Mrs. Canon smiled. “In this case, I think you’re tired because you’re sick. You feel a little warm. Let’s go to the office and call your mom, okay?”

I remember the emotions that surged in my little 9-year-old heart at that. At realizing that maybe it was something real, maybe I needed more than a good night’s sleep. I remember being so grateful that this teacher I loved had taken time out to check on me, to walk me down to the office of our primary school while the other kids threw the beanbag around the circle. I remember the compassion in the receptionist’s eyes as she dialed my home phone number for me and handed me the phone.

And I remember breaking to pieces when I heard my mom’s voice. She asked me what was wrong. I told her I was sick. And I started crying. Not because I was that sick–it was just the flu, gone in a few days. No, I wasn’t crying because of how I felt in my body. I was crying because of how I felt in my heart.

These women, these women who took care of me day and night, cared. They saw the truth of me, even when I didn’t. And they helped. My mom was at the school in a matter of minutes, taking me home and tucking me onto the couch with a movie and a blanket. I don’t actually remember that particularly, I just know it’s what she always did. Because that’s what love does. And that’s what our hearts always need.

A couple weeks ago, I was having a bad week. Though usually I’m an ace at leaving the worry to God and putting my nose to the grindstone, that week it just wasn’t working for me. It all felt like too much. Or rather, like not enough. Like no matter how hard we worked, we were always going to come up short. I spent hours that week walking or jogging or swinging and just pouring my heart out to God. And I know He heard me, because I know He always does. I just didn’t feel it.

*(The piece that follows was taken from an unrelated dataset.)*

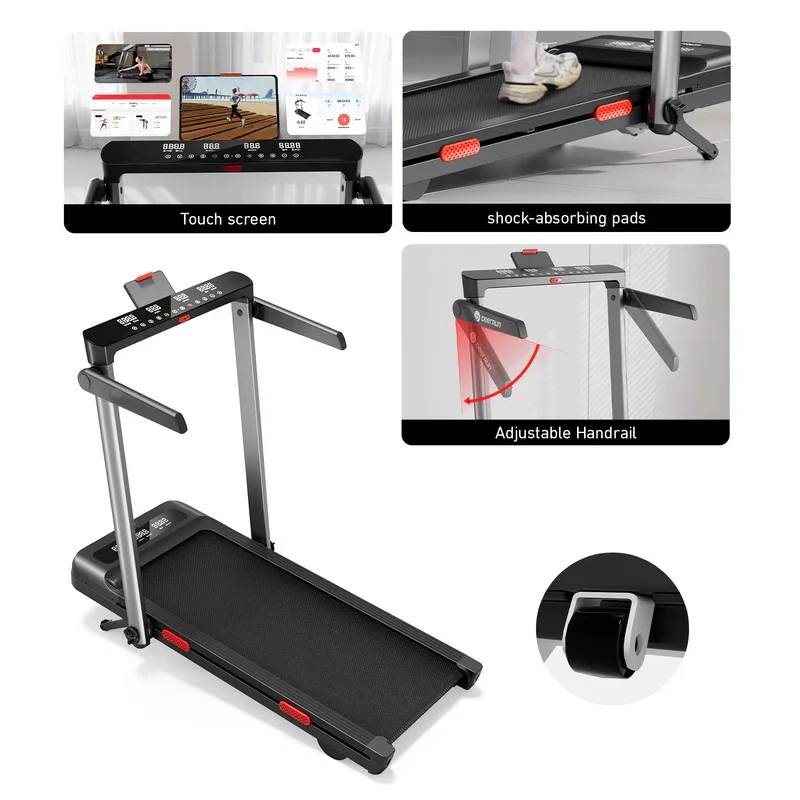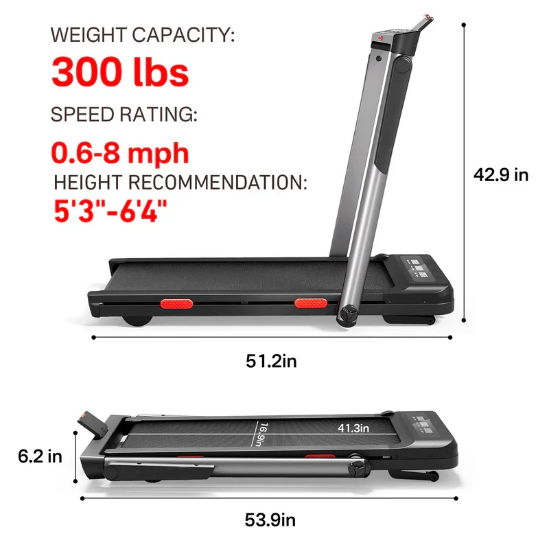 The treadmill is equipped with a powerful 2237W engine with a noise level below 45dB, ensuring a comfortable and quiet exercise experience. Our treadmill has a width of 105cm * 43cm and a load-bearing capacity of 136kg, meeting the exercise needs of most people

I’m a bit of a stoic. I can admit that. Sharing my feelings doesn’t come naturally to me when I’m in the grip of them, even with my husband. One of the reasons I knew we were meant for each other was that he seemed to understand, even when we were teens, that if he let me hold my silence, I’d hold it indefinitely. Instead, he made me talk. Open up. Share what I was feeling, even–especially–when I didn’t want to. But if left to my own devices, I just button my lips to anyone but God and adopt the “suck it up, Buttercup” mentality.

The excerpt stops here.